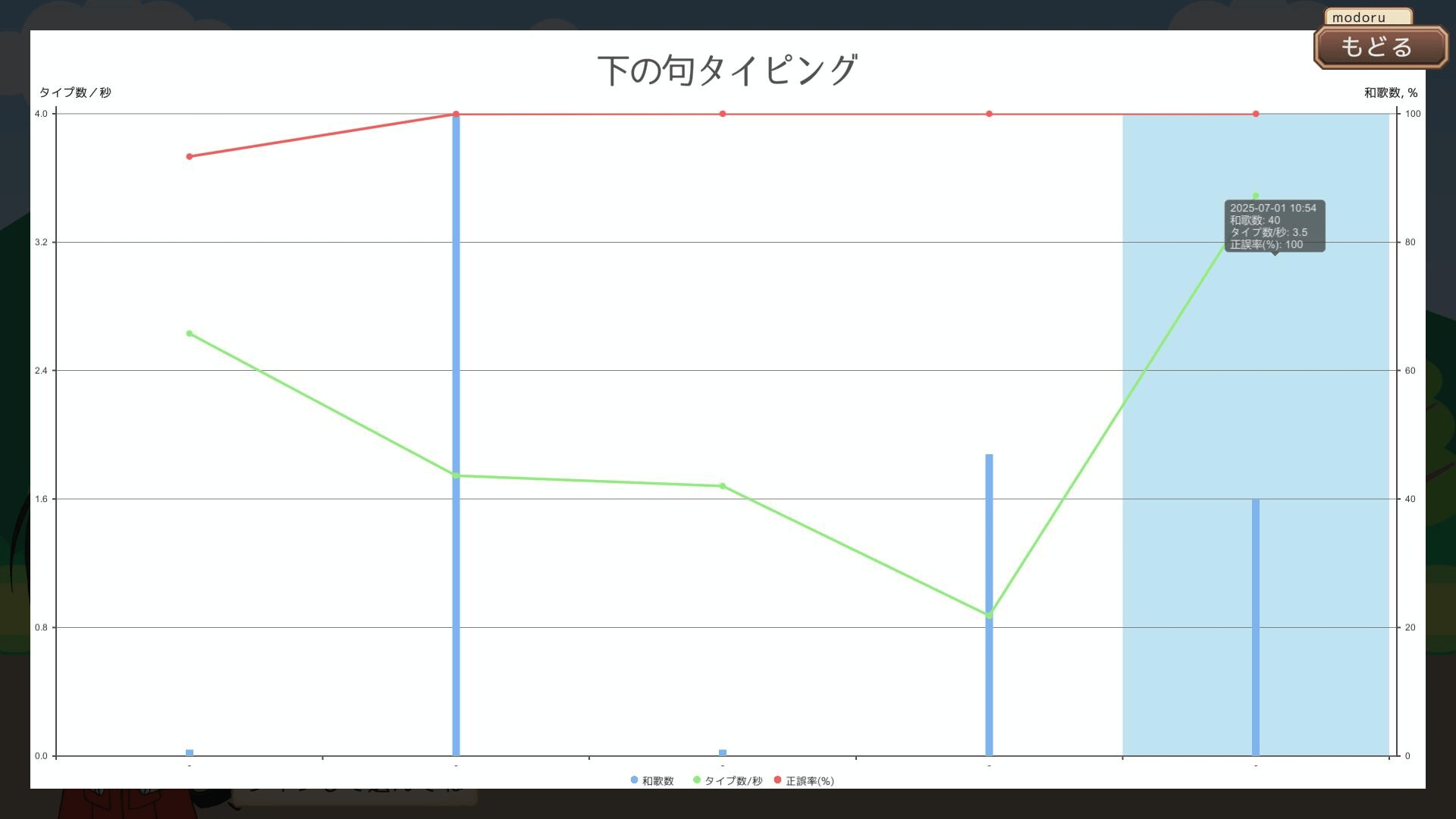HyakuTyping is a typing software with a Roman alphabet input only theme based on the Hyakunin Isshu poems. You can play by looking at the display from the top and typing the lower verse, or by looking at the card with the lower verse and typing the first two characters of the upper verse.
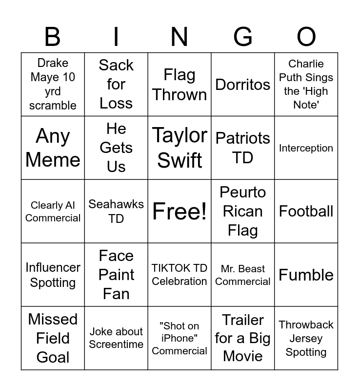 This bingo card has a free space and 25 words: Face Paint Fan, "Shot on iPhone" Commercial, Taylor Swift, Missed Field Goal, Charlie Puth Sings the 'High Note', Drake Maye 10 yrd scramble, Any Meme, Sack for Loss, Peurto Rican Flag, TIKTOK TD Celebration, Patriots TD, Clearly AI Commercial, Mr. Beast Commercial, Fumble, He Gets Us, "6-7", Football, Flag Thrown, Interception, Seahawks TD, Throwback Jersey Spotting, Joke about Screentime, Influencer Spotting, Dorritos and Trailer for a Big Movie.
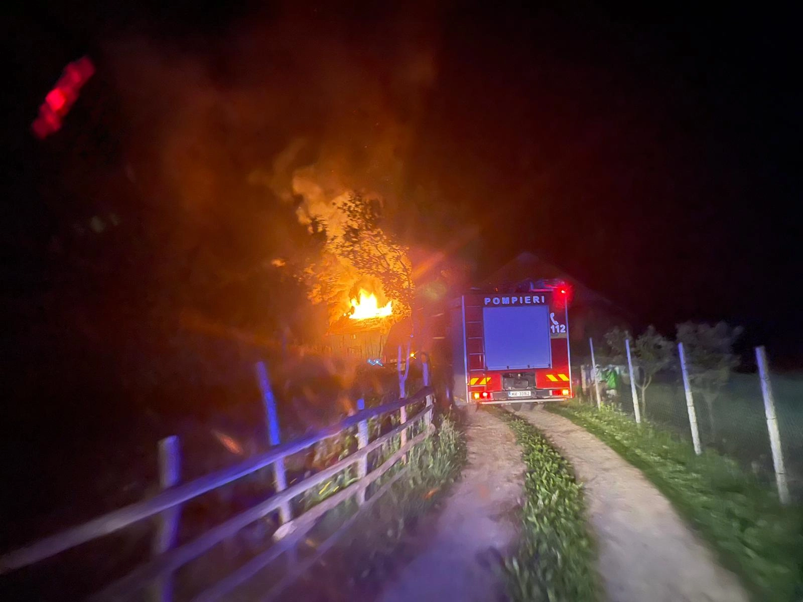 Un incendiu puternic a izbucnit azi-noapte în Lunca Leșului, comuna Leșu.
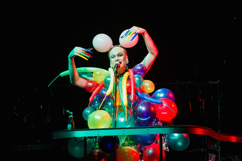 The singing was very good from all four of the cast, especially baritone Steven Page (pictured above). His drag queen, often seen in backstage dressing gown, was gaudy in the limelight and catty out of it. The aria in which he appeared in, and gradually destroyed, a dress of coloured balloons was very entertaining.
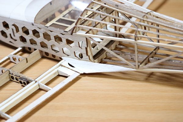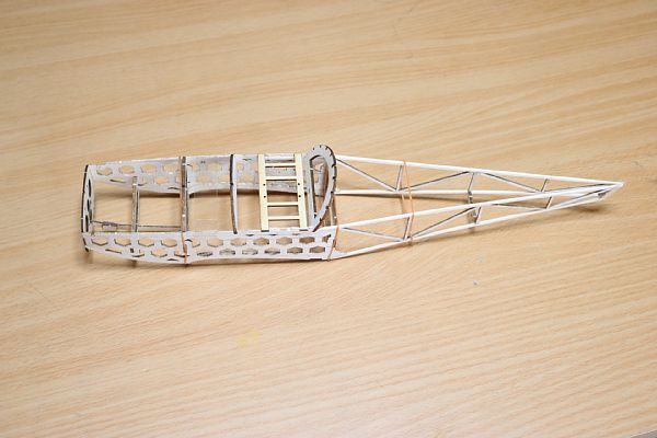 ![]() 胴体後ろは定番のトラス構造です。長手方向だけ2mmヒノキ棒を使いますが、2x1.5mmに削って使用します。 |
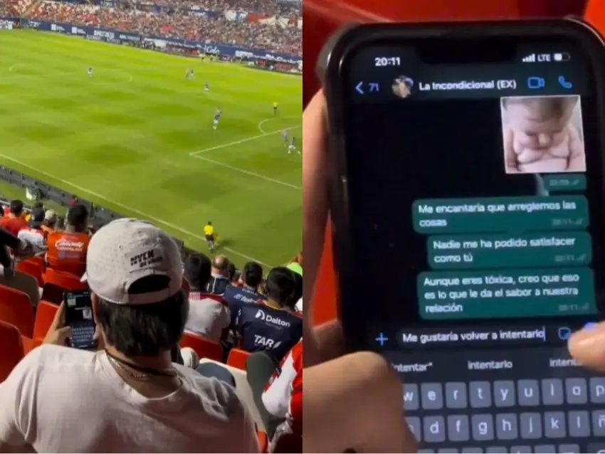 Un curioso video se volvió viral luego de que un seguidor del futbol mexicano no viera un juego en el estadio por escribirle a su expareja.

Task details: Write out the lines of the entries above exactly, beginning with the first and ending with the line that contains "Un incendiu puternic". No picture goes in.

Completed task:
HyakuTyping is a typing software with a Roman alphabet input only theme based on the Hyakunin Isshu poems. You can play by looking at the display from the top and typing the lower verse, or by looking at the card with the lower verse and typing the first two characters of the upper verse.
 This bingo card has a free space and 25 words: Face Paint Fan, "Shot on iPhone" Commercial, Taylor Swift, Missed Field Goal, Charlie Puth Sings the 'High Note', Drake Maye 10 yrd scramble, Any Meme, Sack for Loss, Peurto Rican Flag, TIKTOK TD Celebration, Patriots TD, Clearly AI Commercial, Mr. Beast Commercial, Fumble, He Gets Us, "6-7", Football, Flag Thrown, Interception, Seahawks TD, Throwback Jersey Spotting, Joke about Screentime, Influencer Spotting, Dorritos and Trailer for a Big Movie.
 Un incendiu puternic a izbucnit azi-noapte în Lunca Leșului, comuna Leșu.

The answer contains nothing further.